- [What needs to be done]:
Below are the entries; give again exactly the lines from the one mentioning "De specialtillverkade ovala" through the one mentioning "اسم الموديل CTP-10DX", inclusive.

- [Provided material]:

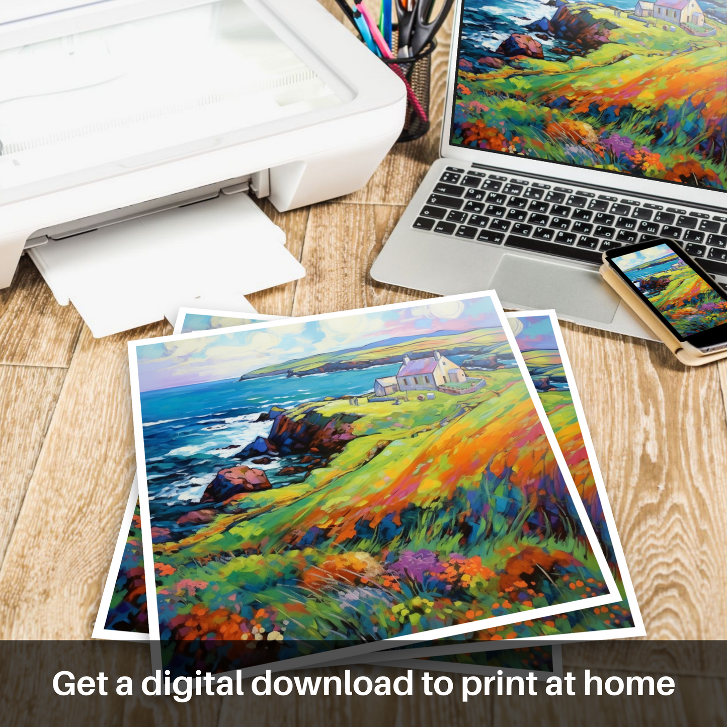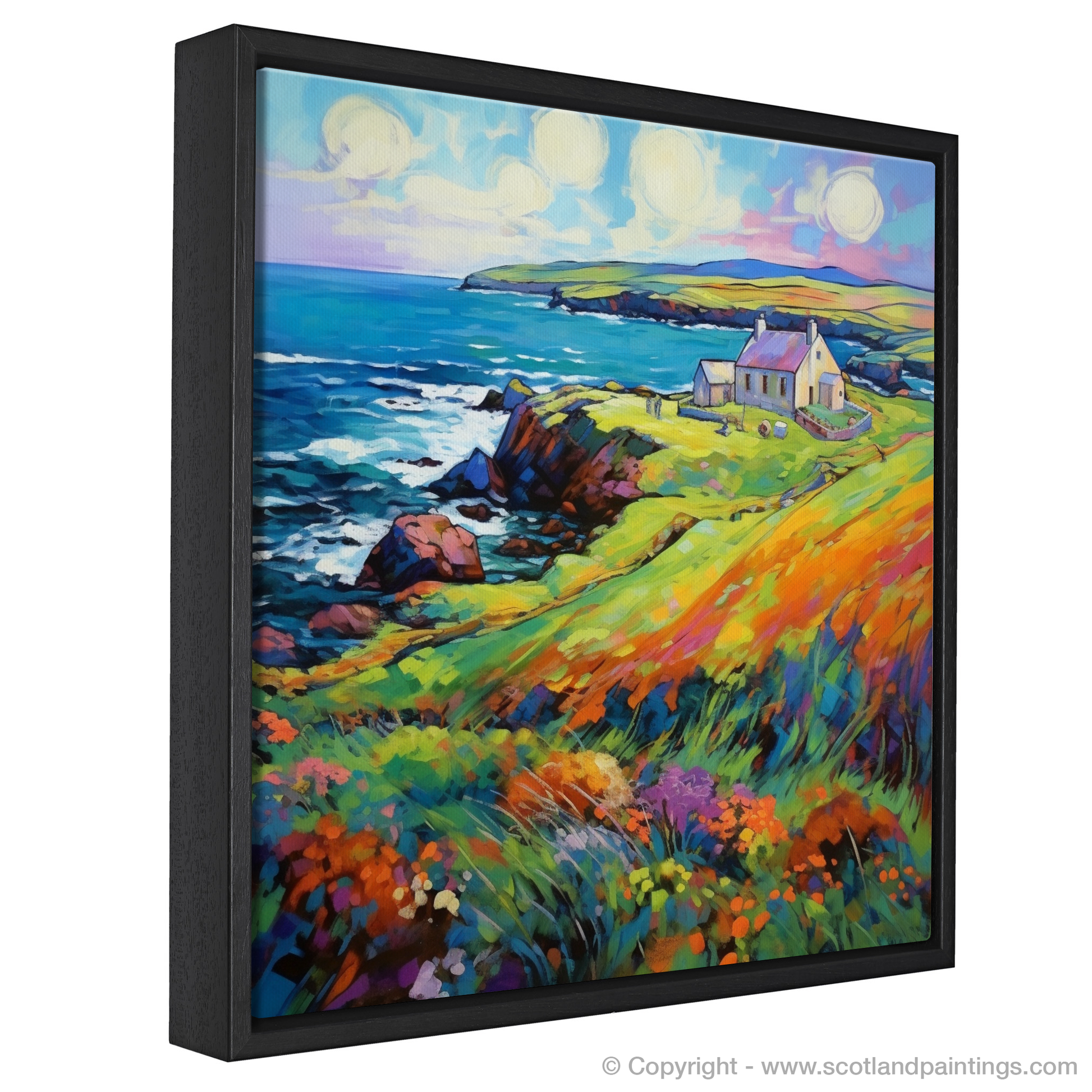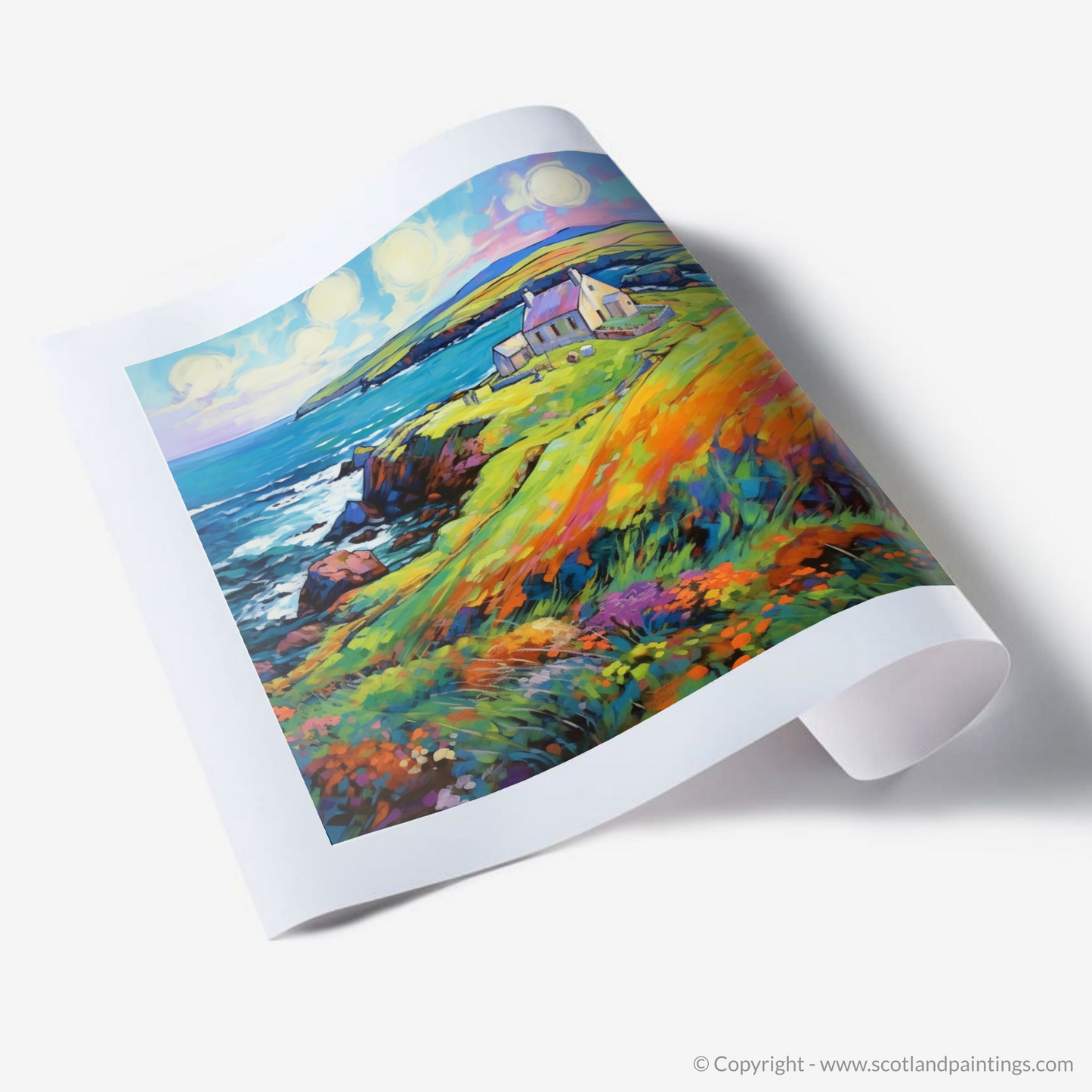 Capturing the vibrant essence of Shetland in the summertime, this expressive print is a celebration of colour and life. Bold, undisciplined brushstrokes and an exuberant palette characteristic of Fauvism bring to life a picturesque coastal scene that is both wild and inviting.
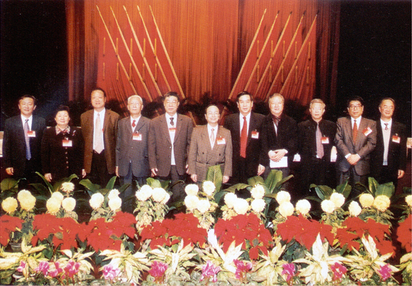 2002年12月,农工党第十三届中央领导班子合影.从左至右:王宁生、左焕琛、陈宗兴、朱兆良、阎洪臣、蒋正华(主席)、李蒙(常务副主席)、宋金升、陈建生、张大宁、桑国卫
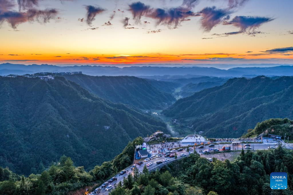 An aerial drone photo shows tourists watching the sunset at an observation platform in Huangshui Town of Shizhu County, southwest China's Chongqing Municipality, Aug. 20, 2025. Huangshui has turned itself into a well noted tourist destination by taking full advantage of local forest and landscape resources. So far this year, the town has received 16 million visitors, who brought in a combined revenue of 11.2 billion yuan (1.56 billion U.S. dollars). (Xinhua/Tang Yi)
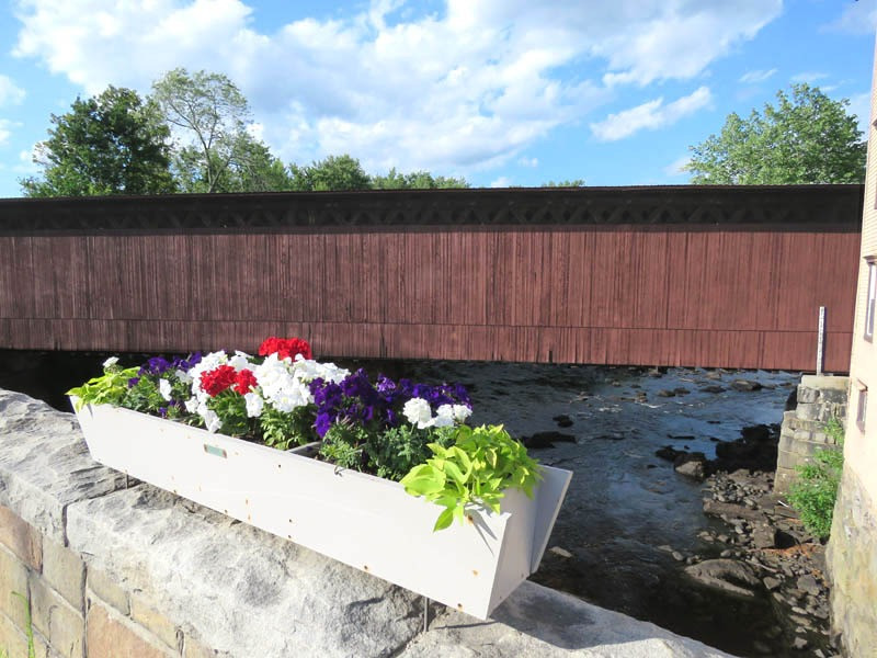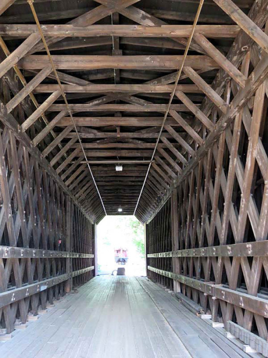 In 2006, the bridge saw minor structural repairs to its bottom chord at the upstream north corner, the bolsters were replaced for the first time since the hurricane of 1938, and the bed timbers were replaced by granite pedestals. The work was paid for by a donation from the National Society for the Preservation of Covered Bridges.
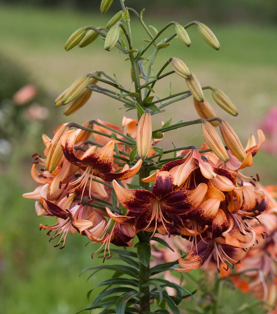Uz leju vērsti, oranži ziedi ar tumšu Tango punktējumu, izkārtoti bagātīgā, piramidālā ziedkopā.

==

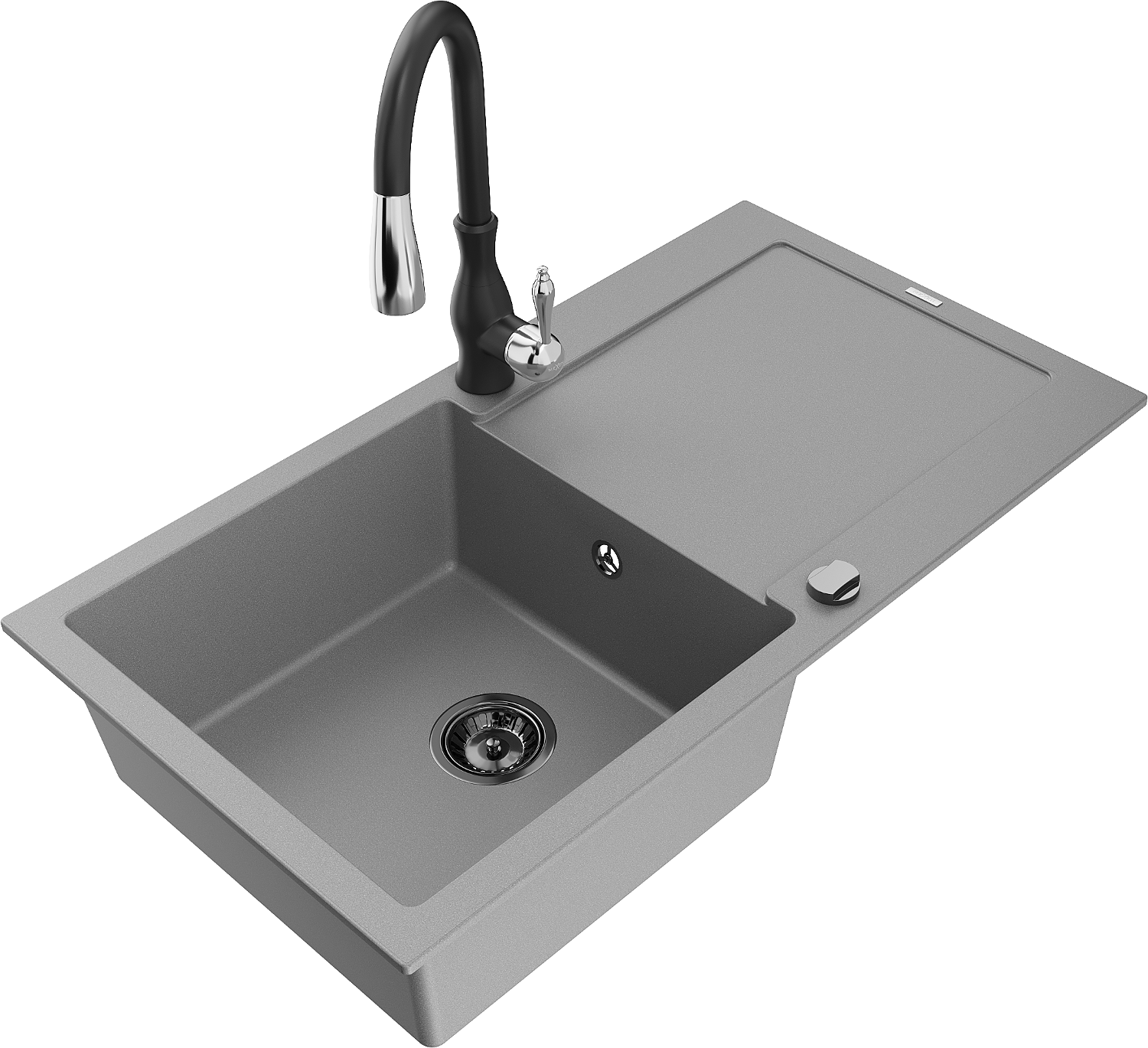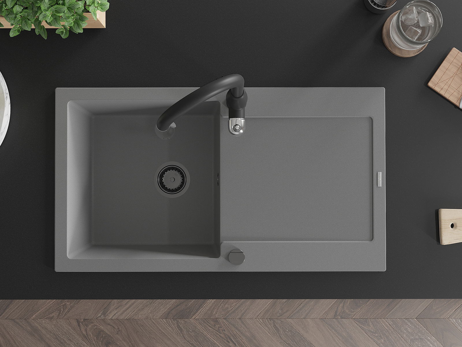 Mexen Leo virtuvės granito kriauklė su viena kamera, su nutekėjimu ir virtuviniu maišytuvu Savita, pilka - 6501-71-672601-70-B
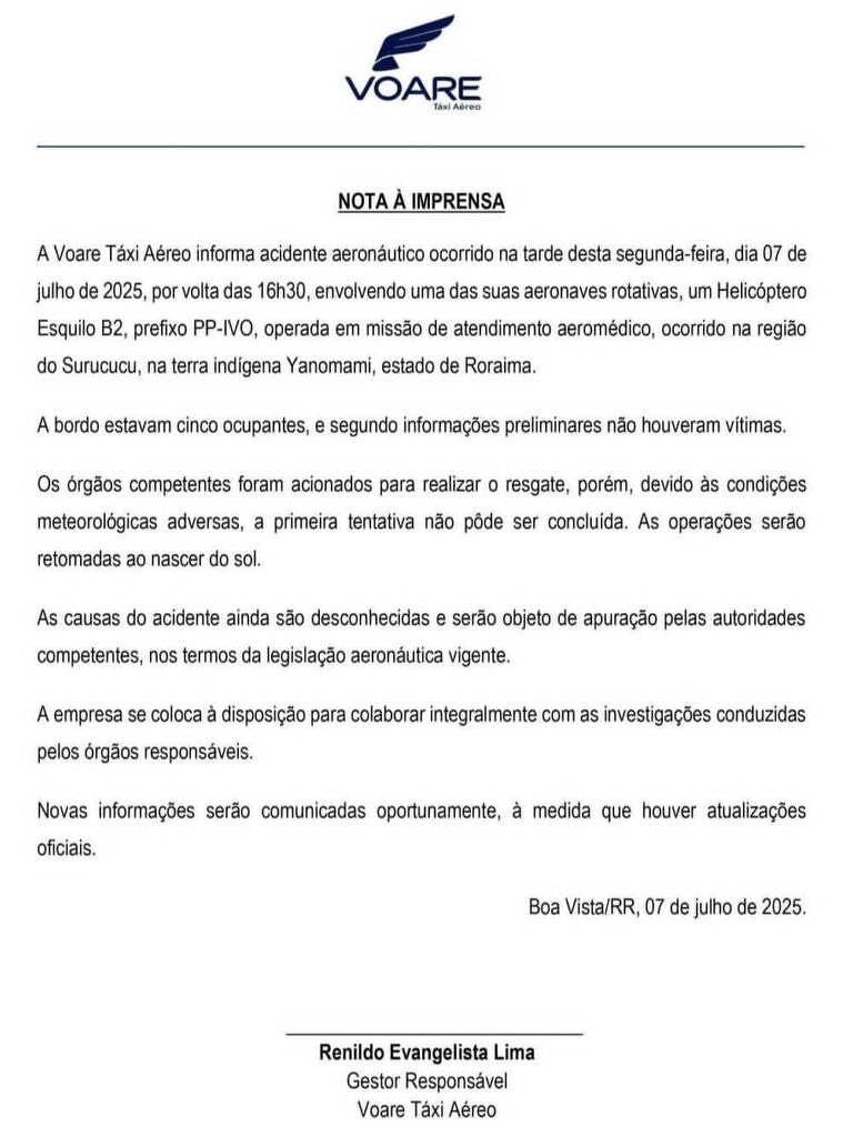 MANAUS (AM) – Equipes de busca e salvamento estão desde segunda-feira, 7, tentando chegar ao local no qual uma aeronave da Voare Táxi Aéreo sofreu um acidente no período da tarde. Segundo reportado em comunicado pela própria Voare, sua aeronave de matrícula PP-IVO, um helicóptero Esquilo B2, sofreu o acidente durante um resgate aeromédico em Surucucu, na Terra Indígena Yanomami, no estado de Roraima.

--

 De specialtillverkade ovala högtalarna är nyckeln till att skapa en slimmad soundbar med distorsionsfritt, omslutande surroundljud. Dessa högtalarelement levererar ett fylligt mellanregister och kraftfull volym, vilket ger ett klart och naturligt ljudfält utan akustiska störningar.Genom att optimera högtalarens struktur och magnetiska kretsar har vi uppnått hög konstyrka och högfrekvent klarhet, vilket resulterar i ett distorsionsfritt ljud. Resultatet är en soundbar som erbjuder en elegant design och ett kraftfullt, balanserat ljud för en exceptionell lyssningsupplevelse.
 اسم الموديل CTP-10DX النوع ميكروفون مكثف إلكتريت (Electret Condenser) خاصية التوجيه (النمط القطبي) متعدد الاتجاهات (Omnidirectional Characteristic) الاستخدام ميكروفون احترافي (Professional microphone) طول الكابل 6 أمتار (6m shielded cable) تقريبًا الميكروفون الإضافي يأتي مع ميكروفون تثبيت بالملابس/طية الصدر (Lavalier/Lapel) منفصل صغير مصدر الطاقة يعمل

- [Answer space]:
 De specialtillverkade ovala högtalarna är nyckeln till att skapa en slimmad soundbar med distorsionsfritt, omslutande surroundljud. Dessa högtalarelement levererar ett fylligt mellanregister och kraftfull volym, vilket ger ett klart och naturligt ljudfält utan akustiska störningar.Genom att optimera högtalarens struktur och magnetiska kretsar har vi uppnått hög konstyrka och högfrekvent klarhet, vilket resulterar i ett distorsionsfritt ljud. Resultatet är en soundbar som erbjuder en elegant design och ett kraftfullt, balanserat ljud för en exceptionell lyssningsupplevelse.
 اسم الموديل CTP-10DX النوع ميكروفون مكثف إلكتريت (Electret Condenser) خاصية التوجيه (النمط القطبي) متعدد الاتجاهات (Omnidirectional Characteristic) الاستخدام ميكروفون احترافي (Professional microphone) طول الكابل 6 أمتار (6m shielded cable) تقريبًا الميكروفون الإضافي يأتي مع ميكروفون تثبيت بالملابس/طية الصدر (Lavalier/Lapel) منفصل صغير مصدر الطاقة يعمل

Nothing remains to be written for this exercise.